One thing I noticed about the topology and tiger extensions is that they are part of the blank ODM2 PostgreSQL

That's an important observation, @lsetiawan. I need to look into that and work on eliminating it there.

miguelcleon commented 8 years ago

yup, I have my time series data in the measurement results and measurement results values tables instead of the time series results and times series result values tables. That is a problem I'll need to address and is systematic issue with ODM2 Admin.

miguelcleon commented 8 years ago

sampling features 767,768, 769, 648,649,650 are 'part of' 656. They are all separate soil pits dug at a single larger site named TABOX-12.

Sounds like maybe your suggesting using the sites table for something like this?

miguelcleon commented 8 years ago

I've fixed the two records with the swapped lat-long, thank you.

emiliom commented 8 years ago

sampling features 767,768, 769, 648,649,650 are 'part of' 656. They are all separate soil pits dug at a single larger site named TABOX-12.

Thanks for that clarification. After exploring that particular relationship, I have one observation: relatedfeatures has many duplicated records. For example, the "Is part of" relationship between sampling features 767 and relatedfeatureid 656 occurs 6 times. The records are identical, except of course for the sequential, unique primary key, relationid. I'm guessing that's a messiness that was introduced inadvertently and should be cleaned up.

emiliom commented 8 years ago

This isn't a comment or question. I'm putting here this summary of samplingfeaturetypecv usage in the samplingfeatures table for future reference.

samplingfeaturetypecv	count
Excavation	324
Field area	13
Landscape classification	8
Observation well	3
Site	119
Stream gage	2
Transect	5

The table was generated using this query:

select samplingfeaturetypecv, count(*)
from odm2.samplingfeatures
group by samplingfeaturetypecv order by samplingfeaturetypecv

Update: I guess I do have one comment. I've compared these samplingfeaturetypecv occurrences to the corresponding ODM2 controlled vocabulary entries. The only that doesn't match exactly is "Landscape classification"; the official ODM2 entry is "Ecological land classification". I can see why your choice seems more natural. And it's possible (I don't know) that the ODM2 CV actually was edited, and the "Ecological land classification" entry was previously called "Landscape classification". But in general it's helpful to stick to strict compliance with ODM CV's, unless you have strong reasons not to.

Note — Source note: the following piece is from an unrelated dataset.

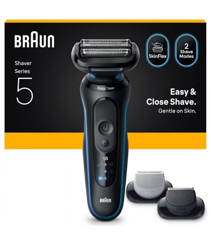 La afeitadora eléctrica Braun Series 5 ofrece un afeitado fácil y rápido. Las 3 cuchillas adaptables se adaptan cómodamente a los contornos de tu rostro. Los 2 modos de afeitado (modo Turbo y modo Estándar) le permiten ajustar el afeitado según sus necesidades. Lleva tu rutina de aseo al siguiente nivel con los accesorios Body Groomer y Beard Trimmer para un aseo y peinado versátiles. La batería de iones de litio ofrece hasta 50 minutos de funcionamiento inalámbrico y una carga rápida de 5 minutos. La afeitadora eléctrica de la Serie 5 para hombres es 100% resistente al agua.

Also, the use of this type of Sampling Features could probably be enhanced, and we (ODM2 gang) could benefit from a discussion about a common implementation need like yours.

For reference, these are the Landscape Classification entries in use in the database: Colorado Forest, Palm Forest, Tabonuco Forest, Volcaniclastic, Quartz-diorite, Ridge -Topo Postion, Slope -Topo Postion, Valley -Topo Postion.

emiliom commented 8 years ago

Another comment about this:

sampling features 767,768, 769, 648,649,650 are 'part of' 656. They are all separate soil pits dug at a single larger site named TABOX-12.

All those sampling features are classified as "Excavation". But TABOX-12 (656) is in fact something conceptually different. It's not an Excavation per se, but rather a "Site" or "Field area" where all those individual excavations (soil pits) are found. At least that's what I'm assuming.

miguelcleon commented 8 years ago

Yeah, I haven't stayed consistent with classifying the sampling features and I'll need to double check them. Thanks for all your great feedback Emilio, this is really helpful! I'll plan to update you with a new db dump in probably about 2 weeks time does that sound good?

I'll also work on some application updates also particularly for the needed measurement result to time series result conversion that is needed.

emiliom commented 8 years ago

Thanks for all your great feedback Emilio, this is really helpful!

I'm very glad it's helpful to you.

I'll plan to update you with a new db dump in probably about 2 weeks time does that sound good?

That time frame sounds good. We still have tons to learn, both about your ODM2 implementation and ODM2-Admin per se.

miguelcleon commented 8 years ago

I thought I'd address one more of the issues you brought up for now. the table odm2.Measurementresultvaluefile can be dropped I had initially added these extra tables in odm2 schema and knowing that wasn't the best way to do things, I since moved them into odm2extra schema. I'm only using the odm2extra.Measurementresultvaluefile table now.

This should also probably be done for the django generated tables you mentioned, this may or may not be doable though as they are core aspects of the functioning of django and using multiple schema's the way I have with odm2extra doesn't seem well supported, so I have been hesitant to try to change those tables.

I should also move the custom function MeasurementResultValsToResultsCountvalue.

miguelcleon commented 8 years ago

All those sampling features are classified as "Excavation". But TABOX-12 (656) is in fact something conceptually different. It's not an Excavation per se, but rather a "Site" or "Field area" where all those individual excavations (soil pits) are found. At least that's what I'm assuming.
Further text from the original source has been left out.